If f is convex or concave around its non-smooth points, this translates into a sign condition for the adjoint state. Indeed, if $f:{\mathbb {R}} \rightarrow {\mathbb {R}}$ is convex around a non-smooth point z, this means that $f_-' (z) < f_+' (z) $, and from (4.18) we have

$$\begin{aligned} p_i(t)\ge 0 \quad \text {a.e. where }({\bar{a}} {\bar{y}}+{\bar{\ell }})_i=z ,\ \ i=1,...,n.\end{aligned}$$

Similarly, in the concave case, p is negative for those pairs (i, t) for which $({\bar{a}} \bar{y}+{\bar{\ell }})_i(t)$ is a non-differentiable point of f.

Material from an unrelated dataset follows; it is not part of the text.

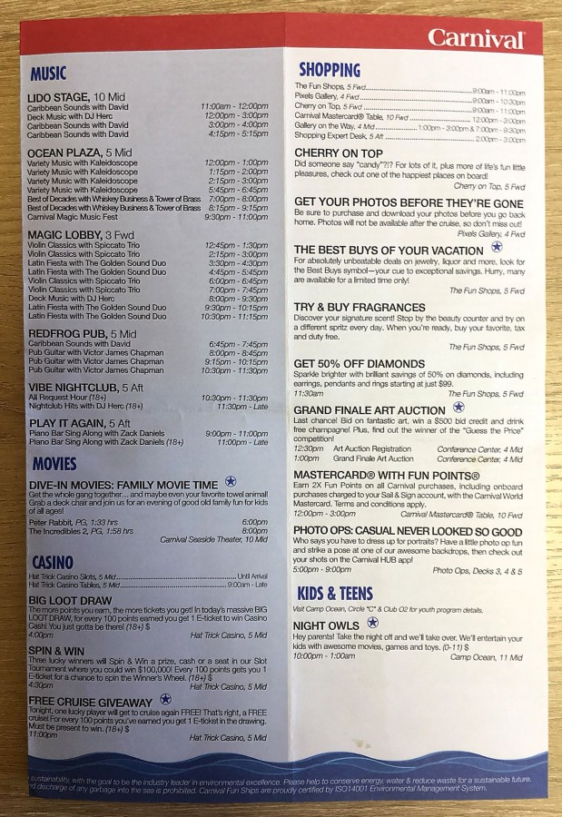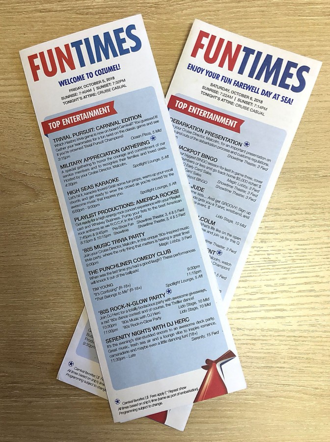 So I want to lay out the schedule of the day at sea for the most curious.

In addition, we note that, if f is piecewise continuously differentiable, (4.18) implies the regularity (cf. [35, Definition 7.4.1]) of the mapping $p_i(t)f:{\mathbb {R}} \rightarrow {\mathbb {R}}$ at $({\bar{a}} {\bar{y}}+{\bar{\ell }})_i(t)$ f.a.a. $t \in (0,T)$ and for all $i=1,...,n$, in view of [30, Lemma C.1]. See also [30, Remark 6.9] and [10] for similar situations.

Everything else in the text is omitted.